* _ASSIGNED TASK_: Aim for an exact copy of the listing, without any images.

* _DATASET SECTION_:
────
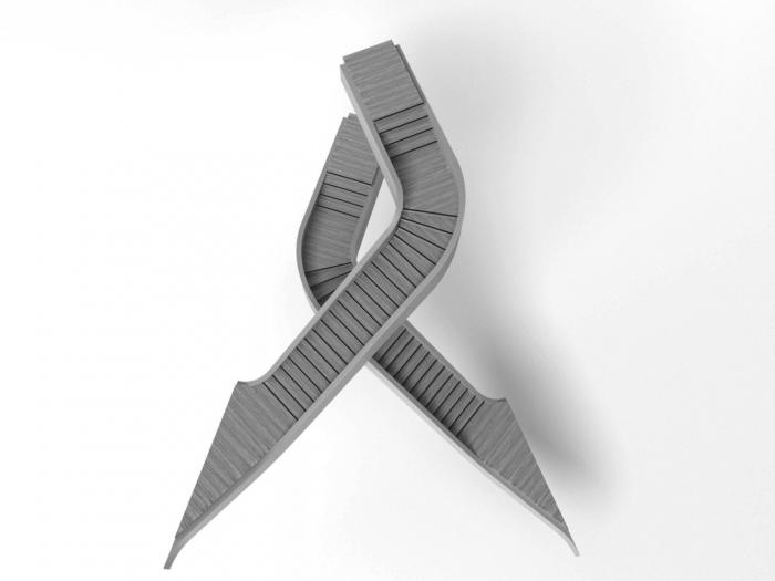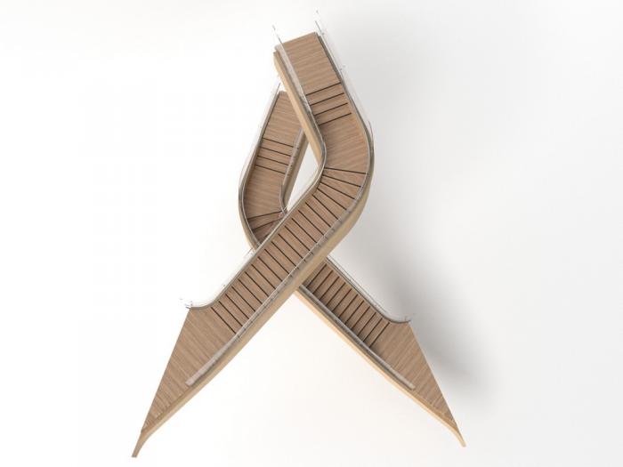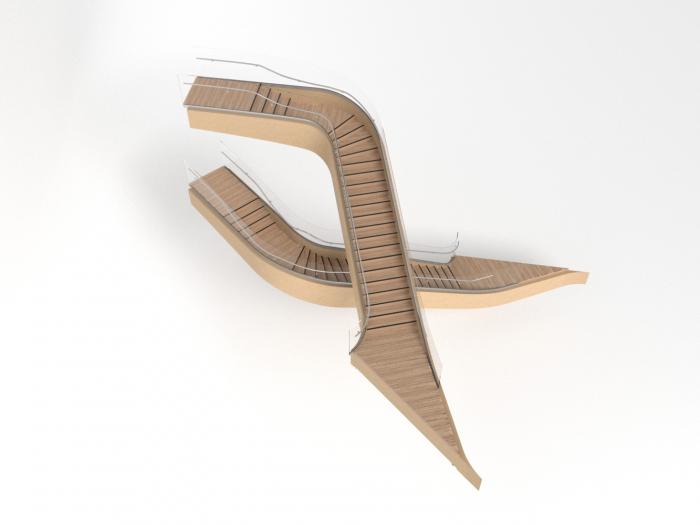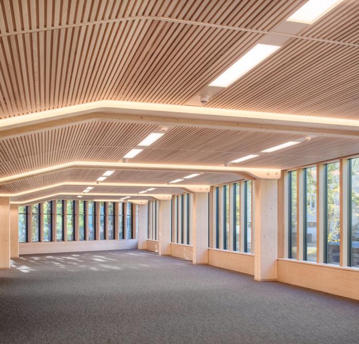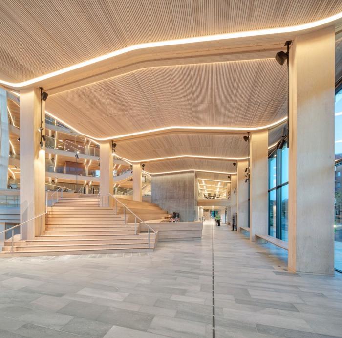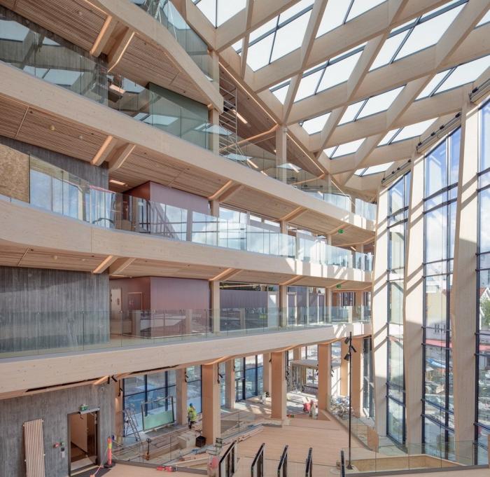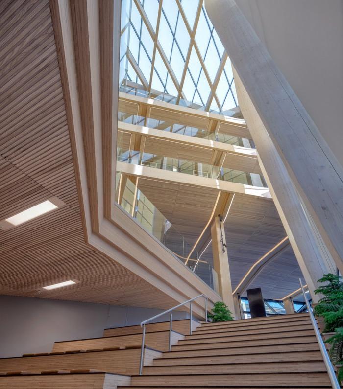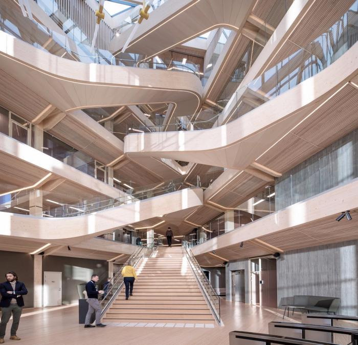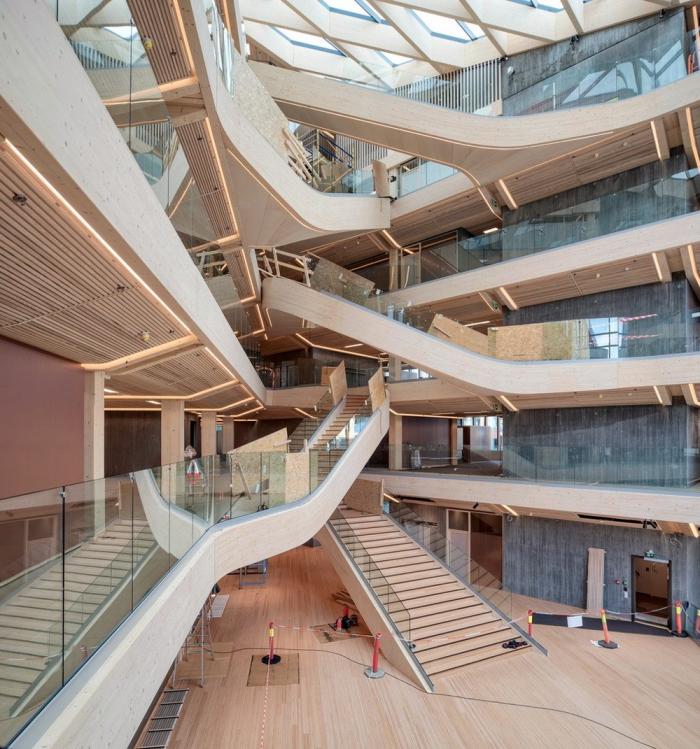该建筑的特点之一是带有榉木榫钉和有机成型木梁的木材接头。木结构由四个楼梯轴,沿着每一层立面和CLT楼板的层压榉木贴面中的连续边梁来加固。底层立柱和横梁由于悬挑于人行道上方而采用层压山毛榉制成。结构的其余部分是由云杉胶合和交叉层压木材制成的。承重楼梯纵梁在两个方向弯曲,为悬挑至中庭五米处的壮观开放式楼梯提供支撑。结构元素中使用的各种木材都具有相似的美感,它们交织在一起创造了木材整体的有机体验。
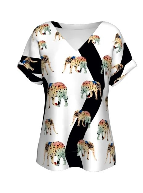 A fehér alapon kontrasztos fekete sávok között végigvonuló, művészien stilizált elefántminták egzotikus, mégis kifinomult megjelenést adnak.
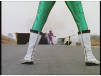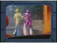 Kat morphs into Pink Turbo Ranger via the power of Wind Chaser. |
────
* _THE ANSWER_:
该建筑的特点之一是带有榉木榫钉和有机成型木梁的木材接头。木结构由四个楼梯轴,沿着每一层立面和CLT楼板的层压榉木贴面中的连续边梁来加固。底层立柱和横梁由于悬挑于人行道上方而采用层压山毛榉制成。结构的其余部分是由云杉胶合和交叉层压木材制成的。承重楼梯纵梁在两个方向弯曲,为悬挑至中庭五米处的壮观开放式楼梯提供支撑。结构元素中使用的各种木材都具有相似的美感,它们交织在一起创造了木材整体的有机体验。
 A fehér alapon kontrasztos fekete sávok között végigvonuló, művészien stilizált elefántminták egzotikus, mégis kifinomult megjelenést adnak.
 Kat morphs into Pink Turbo Ranger via the power of Wind Chaser. |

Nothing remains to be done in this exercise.